DATA EXTRACTS

- - - -

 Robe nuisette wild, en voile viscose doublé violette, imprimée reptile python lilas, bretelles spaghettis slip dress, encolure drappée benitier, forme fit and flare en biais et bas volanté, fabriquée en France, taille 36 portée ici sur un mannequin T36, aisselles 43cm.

- - - -

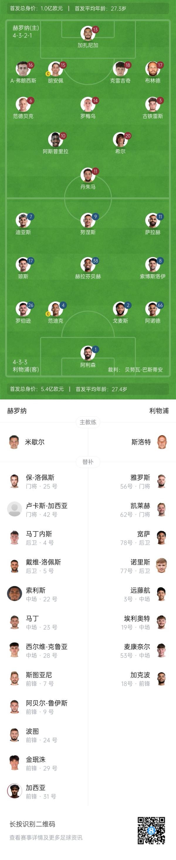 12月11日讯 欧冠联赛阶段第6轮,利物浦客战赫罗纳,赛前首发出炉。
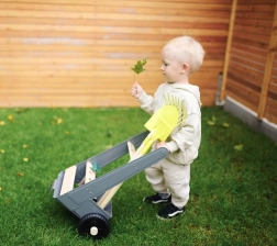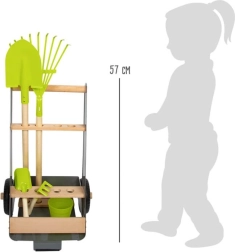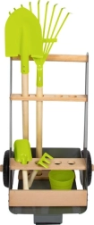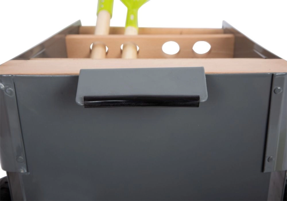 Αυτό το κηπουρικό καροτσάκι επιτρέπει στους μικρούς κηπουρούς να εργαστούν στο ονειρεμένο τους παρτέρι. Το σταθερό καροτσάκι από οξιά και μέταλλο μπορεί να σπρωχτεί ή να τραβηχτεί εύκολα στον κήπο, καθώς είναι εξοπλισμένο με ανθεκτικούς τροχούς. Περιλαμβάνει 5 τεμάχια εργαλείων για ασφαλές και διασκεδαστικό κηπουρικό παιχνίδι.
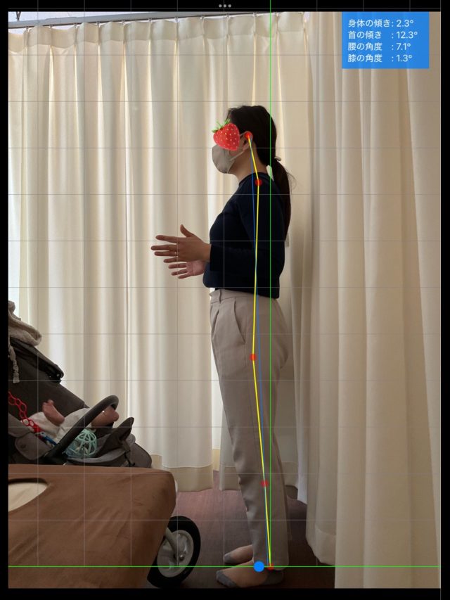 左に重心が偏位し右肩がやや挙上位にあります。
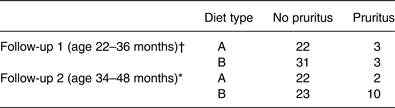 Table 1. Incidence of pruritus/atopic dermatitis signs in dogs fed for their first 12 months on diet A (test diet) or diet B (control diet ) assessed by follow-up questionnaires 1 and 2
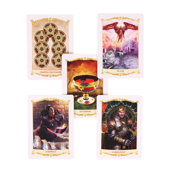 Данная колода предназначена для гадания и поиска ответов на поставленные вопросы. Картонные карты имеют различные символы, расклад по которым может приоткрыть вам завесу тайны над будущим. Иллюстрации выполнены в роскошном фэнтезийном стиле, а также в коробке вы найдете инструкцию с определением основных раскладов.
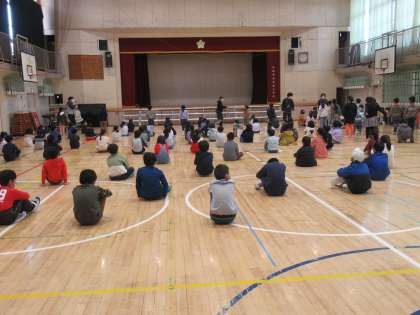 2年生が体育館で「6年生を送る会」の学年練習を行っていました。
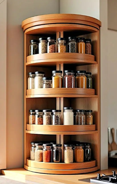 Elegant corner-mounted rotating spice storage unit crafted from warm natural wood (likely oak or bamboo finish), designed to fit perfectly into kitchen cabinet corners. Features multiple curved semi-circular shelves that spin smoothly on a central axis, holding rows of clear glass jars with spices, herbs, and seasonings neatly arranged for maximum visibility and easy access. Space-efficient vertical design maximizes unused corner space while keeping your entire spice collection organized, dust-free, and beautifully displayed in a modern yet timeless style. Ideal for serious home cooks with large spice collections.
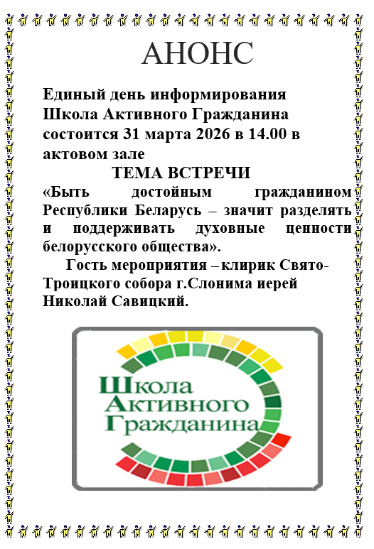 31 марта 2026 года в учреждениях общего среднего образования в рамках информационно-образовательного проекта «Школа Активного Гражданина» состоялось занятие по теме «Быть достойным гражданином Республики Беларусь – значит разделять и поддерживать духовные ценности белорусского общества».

- - - -

TASK GOAL
Look above for the line with "左に重心が偏位し右肩がやや挙上位にあります。", then print it and each line after it down to and including the line with "Table 1. Incidence". Leave out the pictures and keep the wording exact.

SOLUTION
 左に重心が偏位し右肩がやや挙上位にあります。
 Table 1. Incidence of pruritus/atopic dermatitis signs in dogs fed for their first 12 months on diet A (test diet) or diet B (control diet ) assessed by follow-up questionnaires 1 and 2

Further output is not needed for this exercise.